Also, Kastrieren will ich das Frx nicht, auf Diät schicken reicht  . 

Meine Idee war eine 2-fach Kurbel (XT,SLX), Kettenführung und Umwerfer.  Für normale Touren einen leiten EnduroLRS und Fat Alberts. Für Bikepark den Sun Ringle LRS mit den Maxxis Reifen. Ich denke mit der leichten Laufrad-Reifen-Kombination könnte ich auch 15,5 kg kommen. 
Den Verdacht, dass der Sitzrohrwinkel anders gemessen wird habe ich auch denn beim nachmessen "meiner Linien" bin ich auf 68 ° gekommen; beim FRX, sowie beim Torque. Finde ich persönlich den "richtigeren" ^^ Winkel, da der im Endeffekt entscheidet, wie weit du tatsächlich über das Hinterrad kommst.

Bezüglich deiner Antwort zum Track Flip. Wenn ich 4 mögliche Konfigurationen habe, heißt das, dass ich den Lenkwinkel unabhängig vom Track-Flip verändern kann. Weißt du auch wie?

Zum Thema Einsatzgebiet: Wohne in Heilbronn, wo es relativ flach ist ^^. Allerdings gibts hier auch Drops, und Treppen, also bei Laune halten werde ich das Baby schon. 

@all
Ich war diesen Sommer eine Woche in der Schweiz, genauer in Davos zum Biken und damit das erste Mal in richtigen "Bergen"  (bis 2800m). Ich bin kein großartiger Berghochfahrer.

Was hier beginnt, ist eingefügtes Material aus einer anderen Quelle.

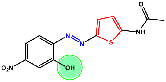 In 15 mL of water and 37% hydrochloric acid (1:1), 3.5 mg of 2-acetamide thiophene [26] was suspended, and the suspension was kept at 4 °C in an ice-water bath. Simultaneously, 5.0 g of diazonium salt of 2-amino-5-nitrophenol was dissolved in 40 mL of ethanol and then dropped into the 2-acetamide thiophene suspension. The suspension was allowed to react under stirring for about 60 min, and then the product was precipitated by pouring the reaction solution into water and ice. The product was recovered by filtration and washed with water, resulting in a dark red solid. The solid was then crystallized from acetone/hexane into red crystals. Yield: 85%. 1H NMR (DMSO-d6; 400 MHz) δ: 2.16 (s, 3H), 6.81 (d, 1H, J = 4.5), 7.62 (d, 1H, J = 8.8), 7.70 (d, 1H, J = 9.4), 7.76 (s, 1H), 7.84 (d, 1H, J = 4.5) (Hard copies of 1H-NMR and 13C NMR are reported in Supplementary Materials, Figures S1 and S2). MS (m/z) 306.04, found [M-H]–: 305.03. (Hard copy in Figure S3).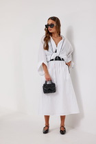 Женственная юбка силуэт трапеция длины миди. По переду заложены встречные складки. Имеются боковые карманы. Эта модель подчеркивает стройность фигуры и слегка приоткрывает ножку.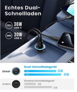 - Stabiles Laden über Unebenheiten: Verbessert mit aufgerüsteten Metallclips für einen sicheren Sitz im Zigarettenanzünder. Dieses Autoladegerät bleibt auch auf holprigen Fahrten fest an seinem Platz und gewährleistet unterbrechungsfreies, stabiles Laden.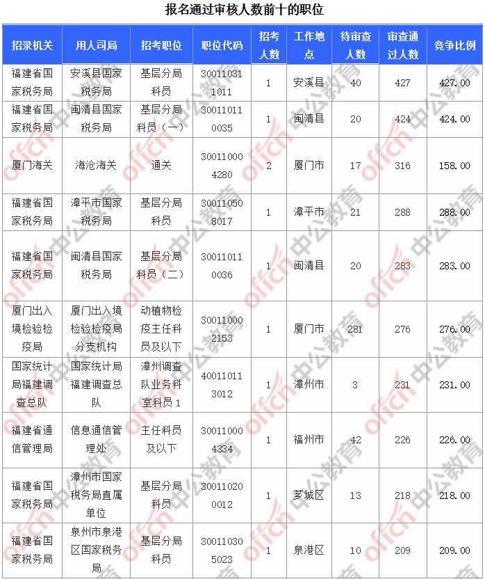 報(bào)名通過審核人數(shù)前十的職位主要集中在福建省國家稅務(wù)局、廈門海關(guān)、廈門出入境檢驗(yàn)檢疫局等部門,具體信息如下: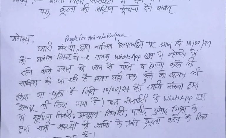AINS NEWS 24×7……एसिड अटैक में घायल एक कुत्ते की मौत हो गई. मामला शहर के अवंती विहार के सेक्टर 2 क्षेत्र में देखने को मिला जिसमें संभ्रांत परिवार के कुछ लोगों ने कुत्तों के ऊपर एसिड डाला और लगतार उनको मारने की प्लानिंग व्हाट्सएप ग्रुप में भी की जा रही है. उन्होंने पहले भी 2 बेजुवान कुत्तों को जहर देकर मारा है. यही नहीं उन्होंने आस पास के सभी लोगों से उन कुत्तो को खाना पानी बंद करने को कहा गया है.

Zumindest habe ich es dort gemerkt ^^. 
Hochzus bin ich geschotterte Forstwege, die großteils so steil waren, dass du beim Schieben mit Flatschuhen schon ins Rutschen gekommen bist. Wer da noch behauptet zu fahren, darf mir das gerne einmal zeigen.  Kurzum, ich schiebe oder trage bergauf, sofern es nicht überschaubar und nicht allzu steil ist. 

Bergab(Trails, Wanderwege, Wasserrinnen, Viehtrampelpfad) habe ich mit meinem AM gemerkt, dass es zwar geht, aber nur begrenzt, sobald es ein wenig ruppiger wurde war Schluss mit zügig.  Problem ist da meiner Meinung nach die Talas gewesen, die einfach verhärtet was auch noch durch das Eintauchen beim Bremsen begünstigt wird. Ähnliches habe ich auf der Freeride Strecke dort gemerkt(ja ich habe mit den Einstellungen gespielt). Kurzum möchte ich einfach mehr Spass und Sicherheit bergab haben und vorallem Reserven! Dafür nehme ich auch Einschränkungen bergauf in Kauf.

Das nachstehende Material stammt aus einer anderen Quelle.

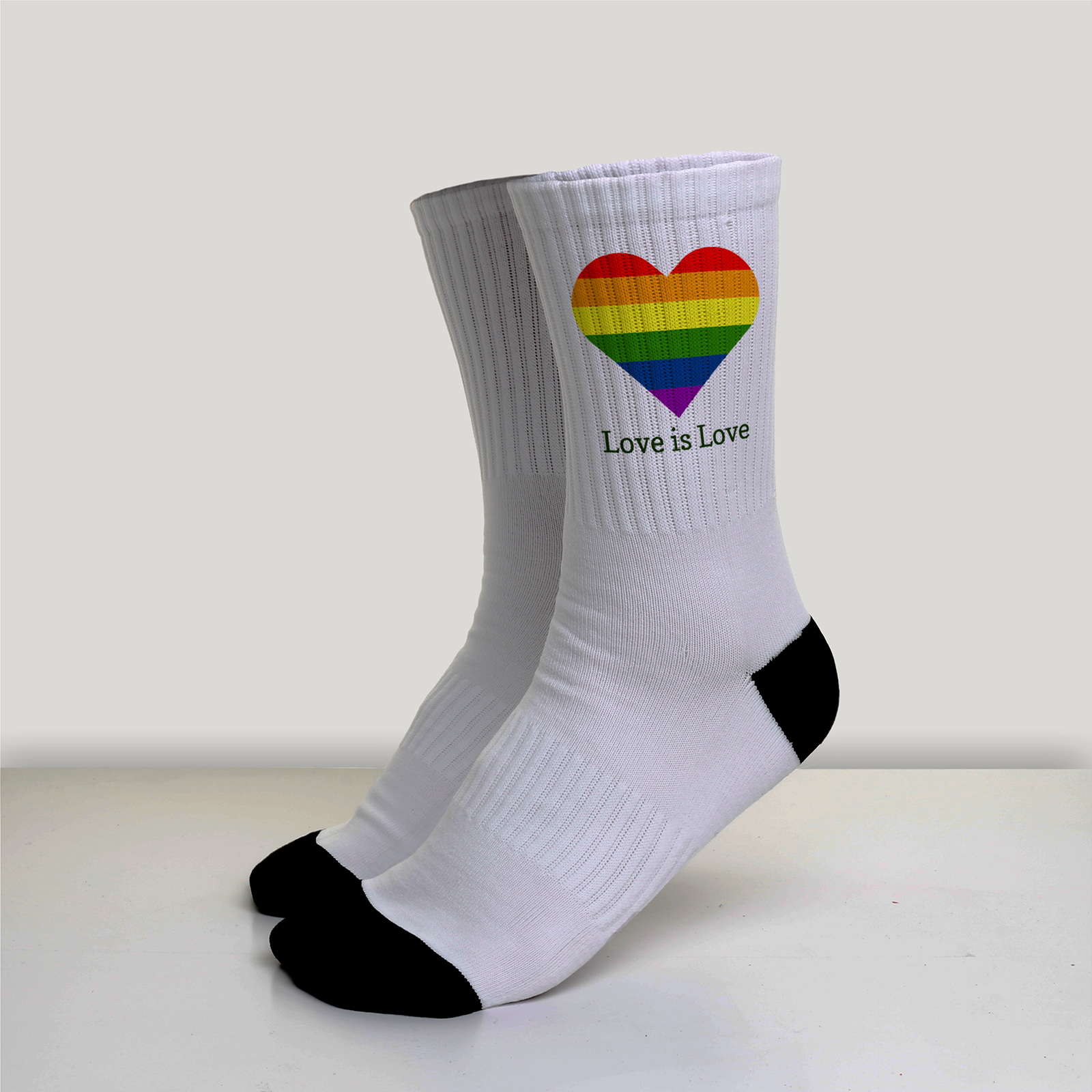 Celebrate LGBTQ+ pride with Any Message Rainbow Heart - Personalised Socks. These vibrant socks feature a customizable rainbow heart design, allowing you to add your own message or name. Show your support, express your individuality, and spread love and acceptance at pride parades and beyond with these stylish and meaningful socks.

Interessieren tut mich im Übrigen am meisten das FRX 5.0 Playzone (Light White-Orange ). Einfach wegen dem Preis-Leistungsverhältnis (und weil ich das wesentliche sowieso umbauen werde)

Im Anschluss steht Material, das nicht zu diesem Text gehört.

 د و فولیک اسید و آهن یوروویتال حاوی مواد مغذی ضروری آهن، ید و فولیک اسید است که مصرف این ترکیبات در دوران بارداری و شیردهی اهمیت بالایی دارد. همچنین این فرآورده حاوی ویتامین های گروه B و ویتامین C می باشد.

Und wenn wir schon dabei sind, vielleicht habt ihr noch ein paar Tipps für mich zwecks der Rahmengröße.

Körpergröße:  176 cm
Schritthöhe/länge:  82cm
Torsolänge: 63 cm
Schulterbreite: 40 cm
Armlänge 64 cm
Gewicht: in Unterwäsche 64 kg, Fahrfertig (Helm Rucksack Protektoren Werkzeug) ca. 70 kg

Das Canyon PPS meint Größe M, viel wichtiger wäre mir, was meint ihr ?!?!??

Gruß Simon


----------



## DiscoDuDe (18. Oktober 2011)

@ simdiem!

also deine schilderung, bezüglich deiner erfahrung in der schweiz mit deinem nerve sind genau wie meine erfahrung mit meinem nerve am und auch der grund warum ich es weggegeben habe!

es scheint als hätten wir im prinzip genau die gleichen interressen.

bezüglich talas: Mit dem wegtauchen das wird wohl an der fehlenden Compression gelegen haben, nur das RLC modell kann die highspeed und lowspeed druckstufe einstellen! War bei mir nicht anders... gott was habe ich geflucht, wegen verhärten.... das ist mir neu... hab meine 32 er talas bj 2010 übern semmering in österreich gejagt und hat nicht verhärtet. 

Und das problem mit dem Wegtauchen wirst du auch beim playzone haben... da nur eine einfache VAN R drin arbeitet ohne einstellbare Druckstufe. Finde einfach um vernünftig fahren zu können sollte eine einstellbare Druckstufe vorhanden sein!

*bezüglich dem gewichts tunning*!: so würde ich es auch machen, bzw habe ich es eben vor bei meinem torque....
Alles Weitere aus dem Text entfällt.